The film and film-forming composition are as described above. One skilled in the art would know how to make a wearable product comprising the film and the film-forming composition as described above. Standard methods of making a wearable product with the film or film forming composition may be used. Examples of the wearable product containing a film formed by the film-forming composition described above include, but are not limited to, a garment, drape, wound dressing, bandage, patch or medical device.

[00061] A method of making the film-forming composition, comprising: combining a polysiloxane comprising one or more hydroxyl groups, a polymer comprising a nitrogen-containing repeating unit, wherein the nitrogen-containing repeating unit is an amide, tertiary amine, benzylic amine, or heterocyclic amine, and optionally, the solvent; and mixing until a blend is formed.

[00062] The polysiloxane and polymer are as defined above for the film-forming composition.

[00063] The combining is conducted using known methods in the industry. One skilled in the art would know how to combine the polysiloxane and polymer.

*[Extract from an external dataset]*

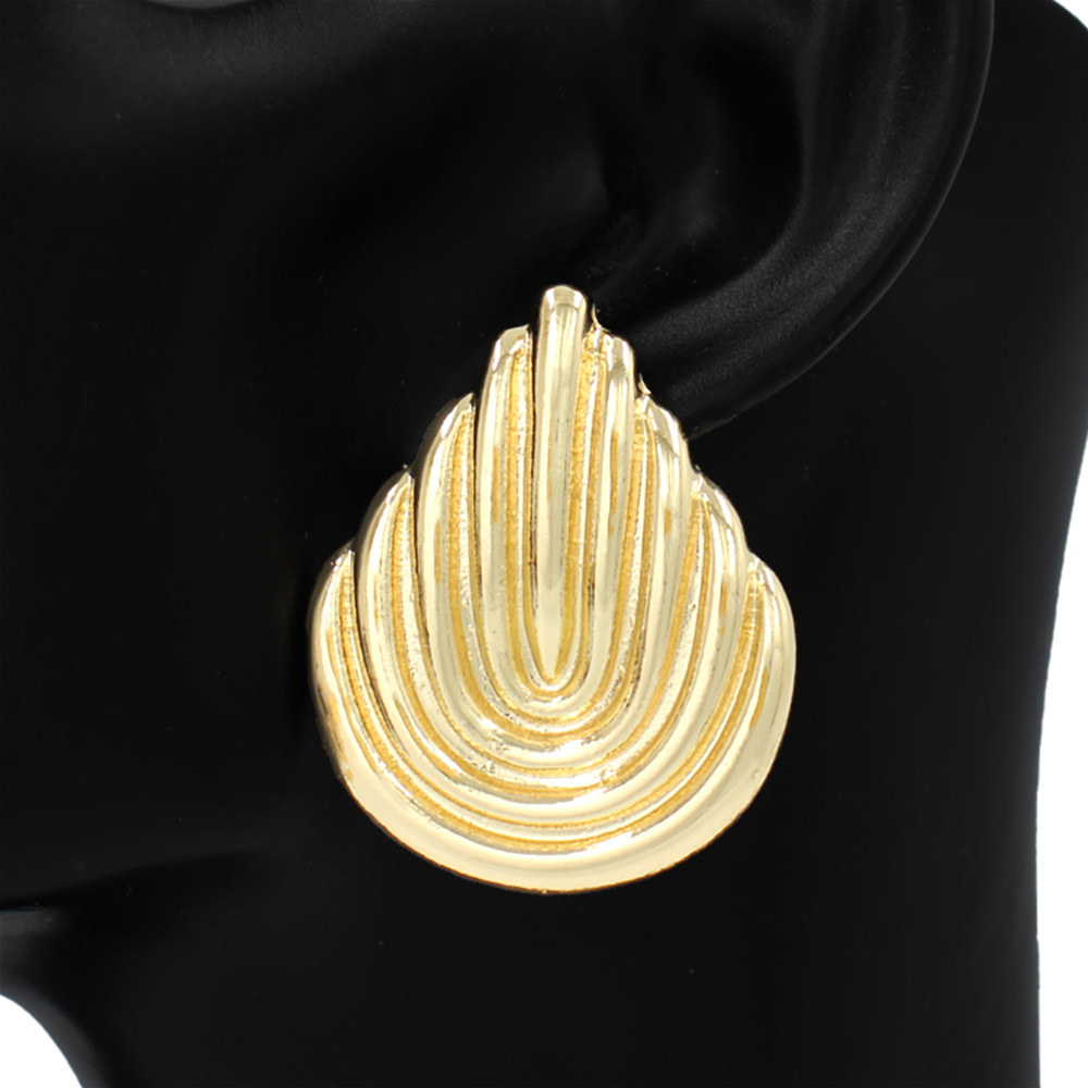 Details • Size : 1.4" X 1.7" • Post Back • Striking sculpted teardrop earrings with a textured, layered design that adds depth and drama to any outfit. These bold statement drops elevate both casual and dressy looks, offering an artistic, eye-catching accessory with modern flair and timeless elegance. • Lead and Nickel Compliant

[00064] In one embodiment, the method further comprises combining a solvent with the polysiloxane comprising one or more hydroxyl groups and the polymer comprising a nitrogen-containing repeating unit. The solvent is as described above fore the film-forming composition. One skilled in the art would know how to combine the solvent with the polymer and polysiloxane. For example, the polymer maybe be dissolved in the solvent and then the solvent and polymer solution added to the polysiloxane.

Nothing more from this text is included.